We can see that dist(0,1) + dist(0,2) + dist(0,3) + dist(0,4) + dist(0,5)
equals 1 + 1 + 2 + 2 + 2 = 8.
Hence, answer[0] = 8, and so on.

Example 2:

Input: n = 1, edges = []
Output: [0]

Example 3:

Input: n = 2, edges = [[1,0]]
Output: [1,1]

Constraints:

1 <= n <= 3 * 10⁴
edges.length == n - 1
edges[i].length == 2
0 <= a_i, b_i < n
a_i != b_i
The given input represents a valid tree.

Step 01

Brute Force Baseline

Problem summary: There is an undirected connected tree with n nodes labeled from 0 to n - 1 and n - 1 edges. You are given the integer n and the array edges where edges[i] = [ai, bi] indicates that there is an edge between nodes ai and bi in the tree. Return an array answer of length n where answer[i] is the sum of the distances between the ith node in the tree and all other nodes.

Baseline thinking

Start with the most direct exhaustive search.
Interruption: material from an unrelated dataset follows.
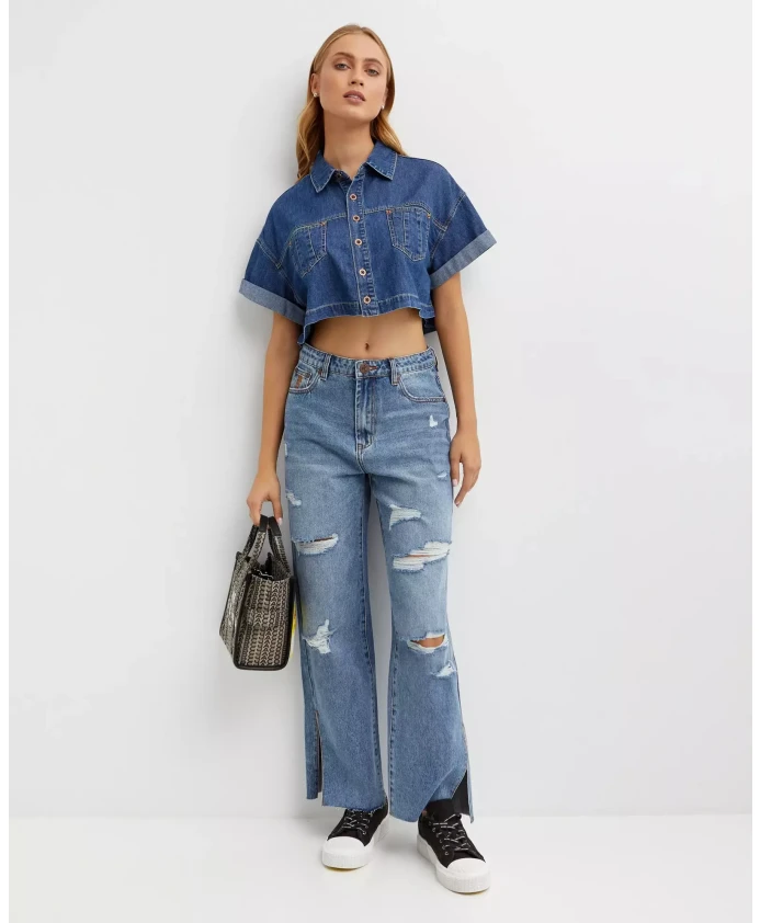 Обновите свой гардероб синей джинсовой рубашкой One Teaspoon. Укороченная рубашка с запахом, свободной посадкой, классическим воротником и короткими рукавами с манжетами — эта рубашка из 100% хлопка просто необходима современной женщине.

That gives a correctness anchor before optimizing.

Pattern signal: Dynamic Programming · Tree

Example 1

6
[[0,1],[0,2],[2,3],[2,4],[2,5]]

Example 2

1
[]

Example 3

2
[[1,0]]

Core Insight

What unlocks the optimal approach

No official hints in dataset. Start from constraints and look for a monotonic or reusable state.
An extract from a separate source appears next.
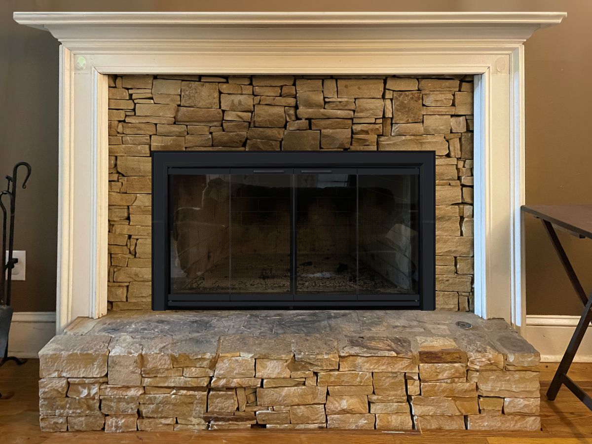 Scale & Finish Disclaimer: Mockups shown on this site are not necessarily to scale and are meant to help you choose the style of your screen or door. The appearance of finishes represented may vary between digital monitors and screens. I do my best to recommend finishes that I believe will blend with your decor and flatter your fireplace. You can view finish options here:

Interview move: turn each hint into an invariant you can check after every iteration/recursion step.

Step 03

Algorithm Walkthrough

Iteration Checklist

Define state (indices, window, stack, map, DP cell, or recursion frame).
Apply one transition step and update the invariant.
Record answer candidate when condition is met.
Continue until all input is consumed.

Use the first example testcase as your mental trace to verify each transition.

Step 04

Edge Cases

Minimum Input

Single element / shortest valid input

Validate boundary behavior before entering the main loop or recursion.

Duplicates & Repeats

Repeated values / repeated states

Decide whether duplicates should be merged, skipped, or counted explicitly.

Extreme Constraints

Largest constraint values

Re-check complexity target against constraints to avoid time-limit issues.

Invalid / Corner Shape

Empty collections, zeros, or disconnected structures

Handle special-case structure before the core algorithm path.

Step 05

Full Annotated Code

Source-backed implementations are provided below for direct study and interview prep.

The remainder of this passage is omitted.